Notable Quantitative Insights
- The experimental results demonstrate that larger models achieve an ECE around 0.1 when using optimized prompting methods, meaning the verbalized confidence scores deviate by approximately 10% on average from the actual accuracy.
- For large LLMs, combining multiple prompt strategies (i.e., the “combo” method) exhibits marked qualitative and quantitative improvements in calibration compared to baseline prompting methods, with clear shifts in the confidence score distribution and calibration curves.
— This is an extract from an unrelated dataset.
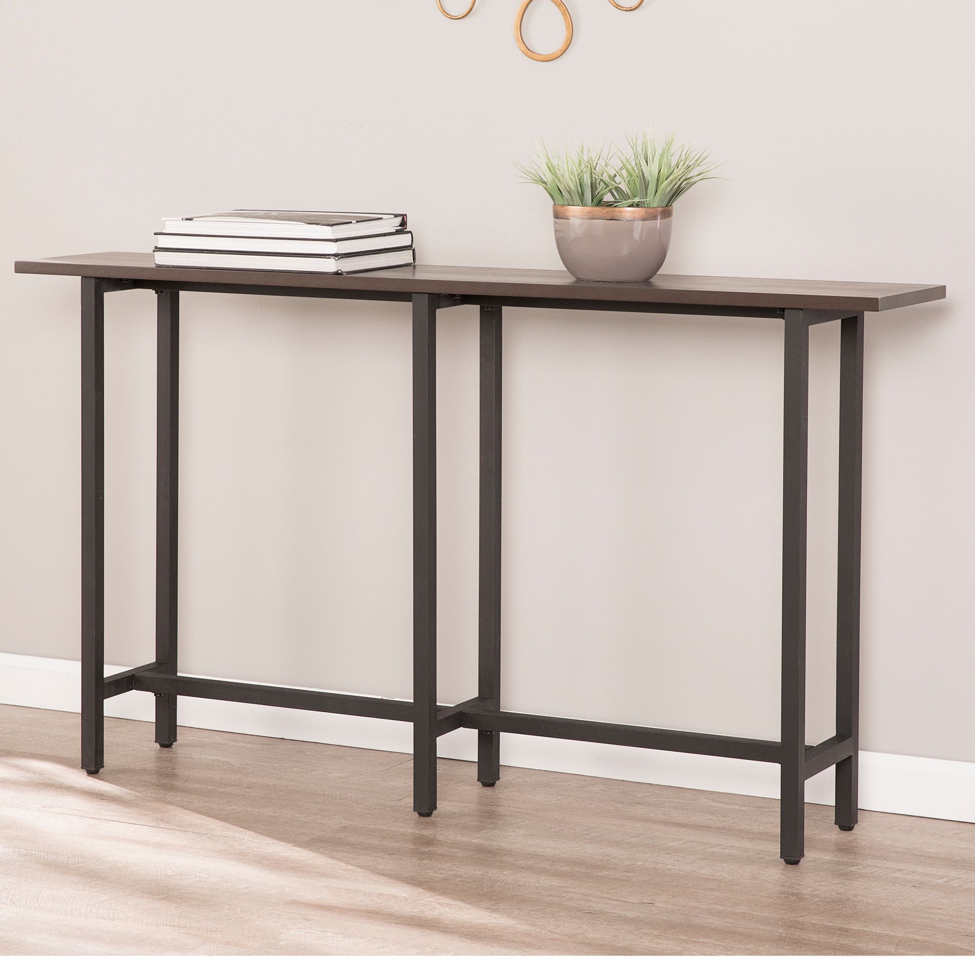 Hendry 54"W Espresso Wood Black Iron Narrow Console Table

Discussion and Limitations
- The paper underscores that verbalized confidence scores can serve as a simple, prompt- and model-agnostic approach for uncertainty quantification in LLMs, but their reliability is highly sensitive to the specific prompt design.
- Limitations arise from the focus on objective correctness in closed-ended questions, leaving open how well these approaches generalize to open-ended or subjective tasks where “correctness” is less clearly defined.
- The metrics for informativeness and meaningfulness proposed by the authors are novel, and while they provide insights into the diversity and dataset sensitivity of the scores, further validation of these metrics in broader contexts may be necessary.
Overall, the paper presents a comprehensive paper that balances rigorous metric definitions, extensive experimental evaluations, and practical prompt engineering insights, making it a valuable reference for improving uncertainty quantification in LLMs through verbalized confidence scores.